Work task> An exact copy of the data is needed, one that excludes all pictures.

Raw data>

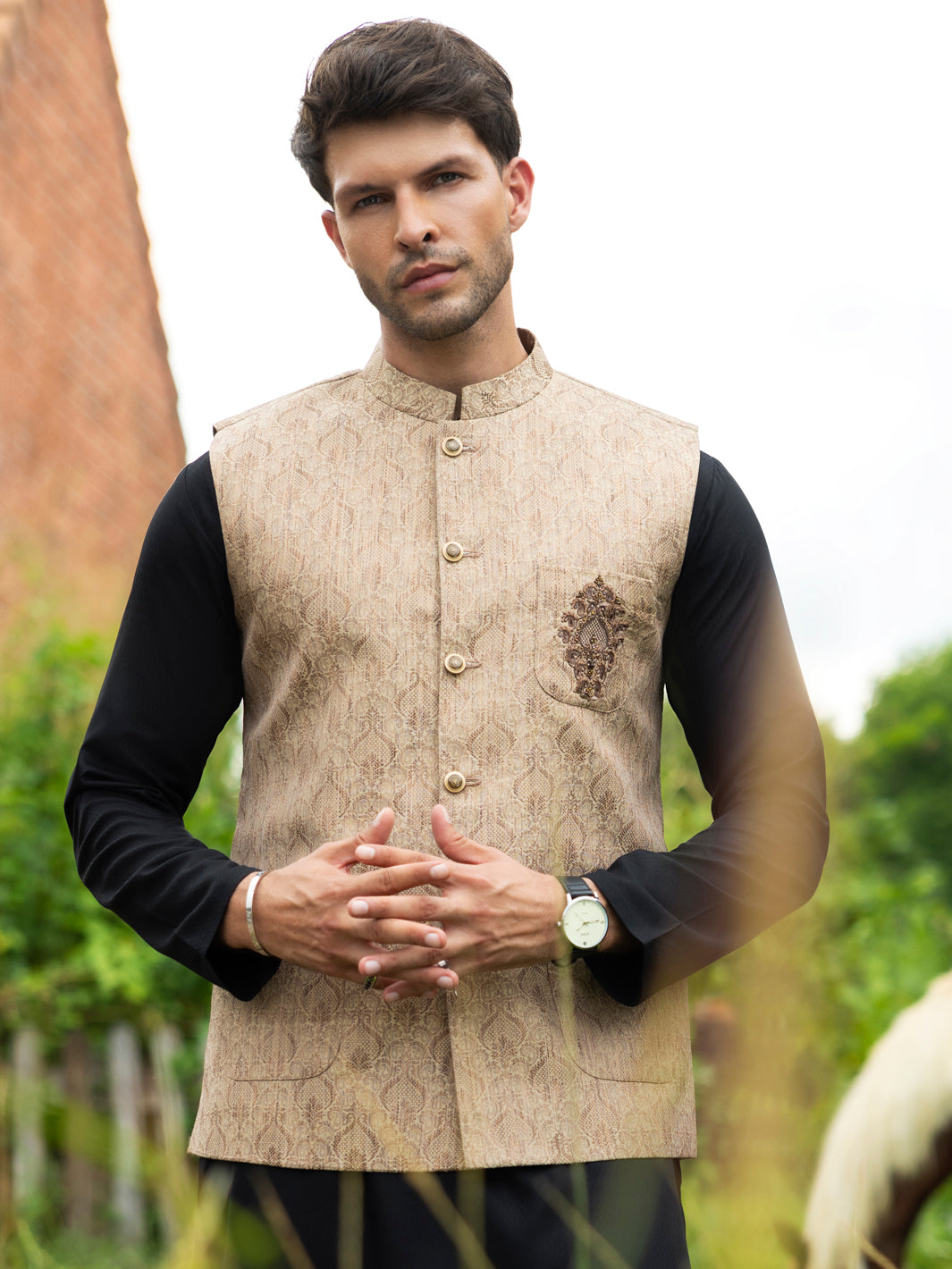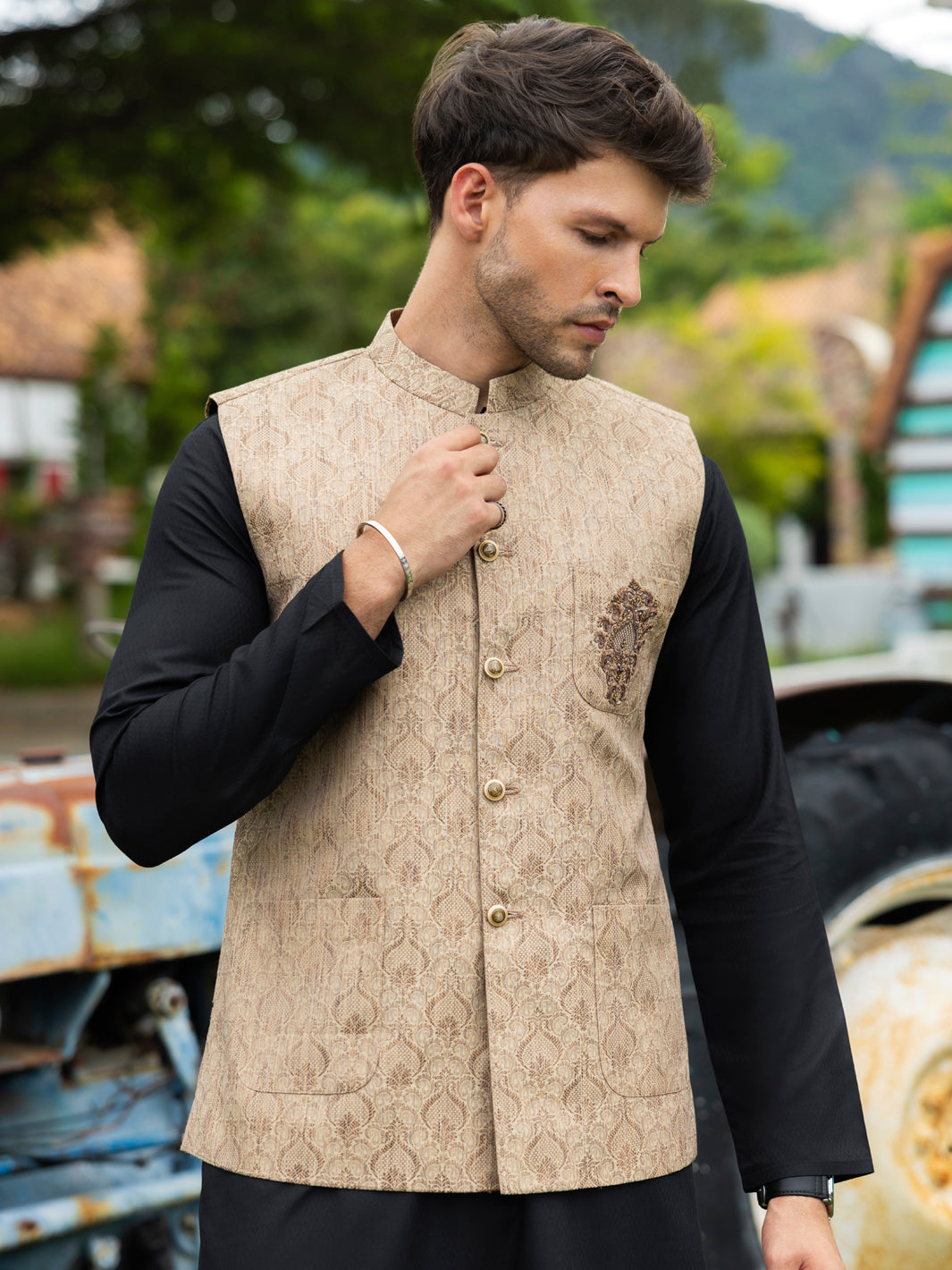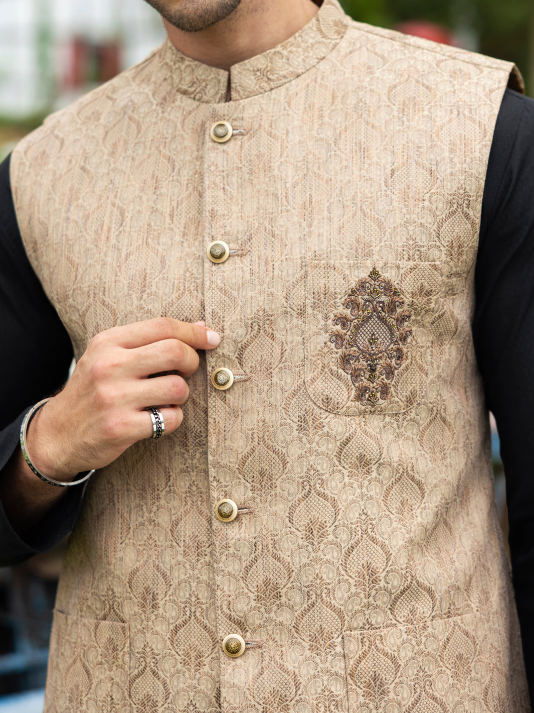 Semi Formal Waistcoat Adorned With High-Quality Buttons And An Embroidered Bunch On The Front
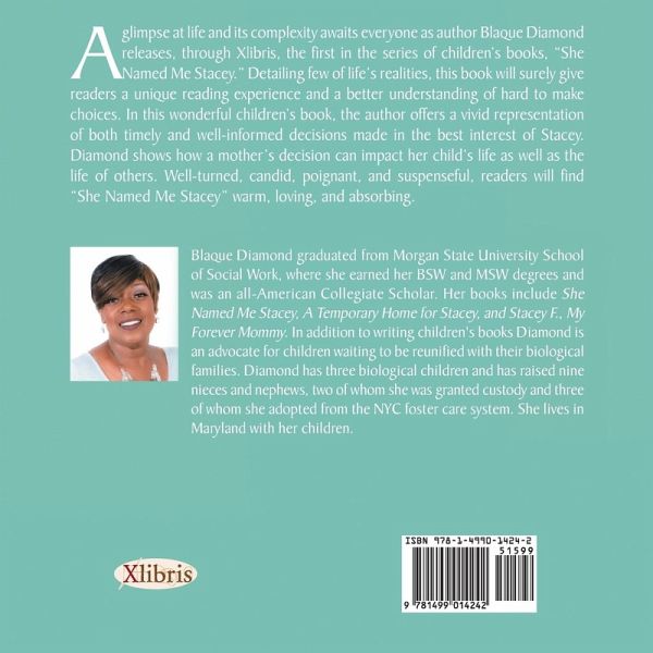 A glimpse at life and its complexity awaits everyone as author Blaque Diamond releases, through Xlibris, the first in the series of children's books, "She Named Me Stacey." Detailing few of life's realities, this book will surely give readers a unique reading experience and a better understanding of hard to make choices. In this wonderful children's book, the author offers a vivid representation of both timely and well-informed decisions made in the best interest of Stacey. Diamond shows how a mother's decision can impact her child's life as well as the life of others. Well-turned, candid, poignant, and suspenseful, readers will find "She Named Me Stacey" warm, loving, and absorbing.
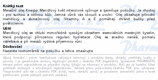 Masážní olej Kneipp Mandlový květ intenzivně vyživuje a zjemňuje pokožku. Je vhodný i pro suchou a citlivou kůži. Jemná vůně vás okouzlí a uvolní. Olej obsahuje přírodní mandlový a slunečnicový olej. Vitaminy A a E pomáhají chránit buňky před poškozením.
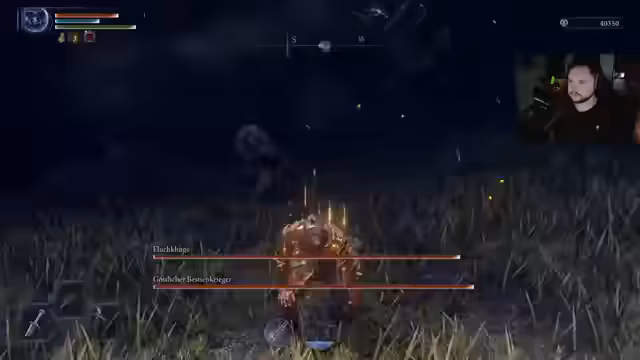 02:58:35Während auf die Wartezeit für Outbreak wird, wechselt der Streamer zu Elden Ring und spielt den Charakter 'Vogelmann'. Er beschreibt dessen Spielstil als interessant, aber herausfordernd, da man viel über die Angriffsmuster der Gegner wissen muss. Der Vogelmann hat eine einzigartige Block-Animation und kann durch erfolgreiches Blocken heilige Explosionen auslösen. Der Streamer kämpft mit dem Build und sucht nach passiven Relikten, um den Charakter zu stärken, und findet den Boss 'Pferdemann' besonders beeindruckend, auch wenn der Kampf anstrengend ist.

Output for this task>
 Semi Formal Waistcoat Adorned With High-Quality Buttons And An Embroidered Bunch On The Front
 A glimpse at life and its complexity awaits everyone as author Blaque Diamond releases, through Xlibris, the first in the series of children's books, "She Named Me Stacey." Detailing few of life's realities, this book will surely give readers a unique reading experience and a better understanding of hard to make choices. In this wonderful children's book, the author offers a vivid representation of both timely and well-informed decisions made in the best interest of Stacey. Diamond shows how a mother's decision can impact her child's life as well as the life of others. Well-turned, candid, poignant, and suspenseful, readers will find "She Named Me Stacey" warm, loving, and absorbing.
 Masážní olej Kneipp Mandlový květ intenzivně vyživuje a zjemňuje pokožku. Je vhodný i pro suchou a citlivou kůži. Jemná vůně vás okouzlí a uvolní. Olej obsahuje přírodní mandlový a slunečnicový olej. Vitaminy A a E pomáhají chránit buňky před poškozením.
 02:58:35Während auf die Wartezeit für Outbreak wird, wechselt der Streamer zu Elden Ring und spielt den Charakter 'Vogelmann'. Er beschreibt dessen Spielstil als interessant, aber herausfordernd, da man viel über die Angriffsmuster der Gegner wissen muss. Der Vogelmann hat eine einzigartige Block-Animation und kann durch erfolgreiches Blocken heilige Explosionen auslösen. Der Streamer kämpft mit dem Build und sucht nach passiven Relikten, um den Charakter zu stärken, und findet den Boss 'Pferdemann' besonders beeindruckend, auch wenn der Kampf anstrengend ist.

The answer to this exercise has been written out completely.